= Edenburg, Saskatchewan =

Community in Saskatchewan, Canada

Edenburg is an unincorporated community located about 4 miles northwest of the town of Aberdeen, Saskatchewan in Canada. Edenburg has a population of 30, and is a mixed use residential/agricultural area.

== History ==
Edenburg is a living example of the settlement preferences of the Mennonites, originally from northern Germany (Prussia) who emigrated to Canada via Russia. Although governmental policy of the day required the farmers to take up residence on their own homestead quarter (a portion of land 1/2 mile square), the Mennonites preferred and sometimes were given governmental exemption to live in communities similar to those they had left in Europe.

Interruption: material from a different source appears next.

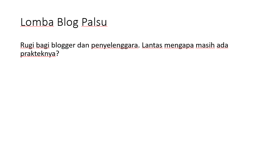 Seringkali lomba blog palsu merugikan para blogger karena mereka sudah menggunakan waktu dan energi mereka untuk membuat blog terbaik versi mereka untuk bisa juara.

Thus, Edenburg and many other such communities sprang up with narrow frontages on the roadway, yet had their back boundaries set rather far from the edge of the road. The effect is similar to the river lots favoured in Quebec, and by the Métis people.

In 1902, just as the Canadian Northern Railways was constructed past Aberdeen, Jacob Unrau and his family came from Manitoba. He homesteaded the north-west quarter of section 14, township 39, range 3, west of the third meridian but bought 15-39-3-3 of what Canada had given the railways. He founded Edenburg on this section, giving each of his children, as they married, a strip of land and built a church and a graveyard.

In 1904, daughter Anna married Cornelius A. Ens and was given one such lot. Anna, who died in childbirth with her child Isaac in 1913, was an early entry into the graveyard. Ens established a store in 1918.

Edenburg was situated on an east–west road, and gradually people settled across the road and completed the community. Until 1921 Edenburg had its own school taught in German, for its students and Mennonites in neighbouring farms.

== Social services ==
As of 2005, neither schooling nor business are carried on any more in Edenburg though some farm the surrounding land, with residents travelling to Aberdeen or to Saskatoon for most commercial and educational matters or to commute to work.